Der hl. Leonhard war solch ein guter Hirt im Umgang mit den Menschen und, wie wir gewiss mit
Recht annehmen dürfen, auch im Umgang mit den Tieren. Wie an vielen Orten steht auch neben
unserer Basilika hier in Benediktbeuern auf dem Friedhof das Denkmal des Heiligen, der Ketten in
seinen Händen hält. Diese Ketten sind uns, die wir den hl. Leonhard ehren, eine ständige Mahnung,
die unzähligen geknechteten Menschen unserer Welt nicht zu vergessen, darüber hinaus aber auch
die vielfachen Qualen der leidenden Tier- und Pflanzenwelt nicht. Die Werke der Barmherzigkeit den
notleidenden Brüdern und Schwestern gegenüber sollten dem gläubigen Christen eine Selbstverständlichkeit sein (vgl. Mt 25,31-46). Doch auch Tier- und Naturschutz sind, wie uns Papst Franziskus
mit seiner Enzyklika ans Herz legt, nicht einfach die Taten von unverbesserlichen Naturromantikern,
sondern konsequent gelebter Schöpfungsglaube und damit auch Christenpflicht (vgl. z.B. LS 64.78).
Die wahre Gottesliebe, die echte Liebe zu den Mitmenschen und die Sorge um die Schöpfung und die
Mitgeschöpfe sind eng miteinander verbunden (vgl. LS 91).
Schluss
Liebe Schwestern und Brüder, wir feiern das Fest des hl. Leonhard, des Schutzpatrons von Bauern
und Tieren.
Wir tun es durch die Feier der Eucharistie, die Höhepunkt und Mitte unseres Festes ist. In ihr stimmen wir ein in den Lobgesang der ganzen Schöpfung und folgen der Weisung des Psalmisten: „Alles,
was atmet, lobe den Herrn“ (Ps 150,6).
Wir bitten für die Arbeit auf dem Feld und im Stall, dass wir die Gaben der Schöpfung recht gebrauchen und diese hegen und pflegen gemäß dem Willen des Schöpfers.
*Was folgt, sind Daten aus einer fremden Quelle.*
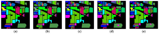 The classification results of the IP dataset are demonstrated in Table 5. From Table 5, it can be seen that the 1D-CNN achieves the worst results with only 75.67% OA. The main reason is considered that the spatial information is not utilized for classification. Compared with the 1D-CNN, the 2D-CNN, 3D-CNN, and 3D-CAE improve the OA to 83.48%, 84.08%, and 82.27%, respectively, because they consider both spectral and spatial information simultaneously. The accuracies of DBDA and DBMA are improved further by introducing attention mechanism and dense structure. For L3DDAN, the highest classification accuracy is achieved thanks to the autoencoder structure and spectral–spatial joint dense block.

Und wir bitten dazu auch um
die Gabe der Liebe zu allen Geschöpfen.
Wir segnen unsere Tiere, allen voran die Pferde, damit wir nicht vergessen, dass sie unsere Mitgeschöpfe sind, vom Schöpfer selbst uns anvertraut.
„Gemeinsam mit allen Geschöpfen gehen wir unseren Weg in dieser Welt“ (LS 244), dem neuen
Himmel und der neuen Erde entgegen, wo der Herr allen seinen Geschöpfen einen „Platz“ bereiten
wird (LS 243). Denn, so dürfen wir hoffen, die ganze Schöpfung wird einmal von der Sklaverei und
Verlorenheit befreit werden zur Freiheit und Herrlichkeit der Kinder Gottes (Röm 8,21). Amen!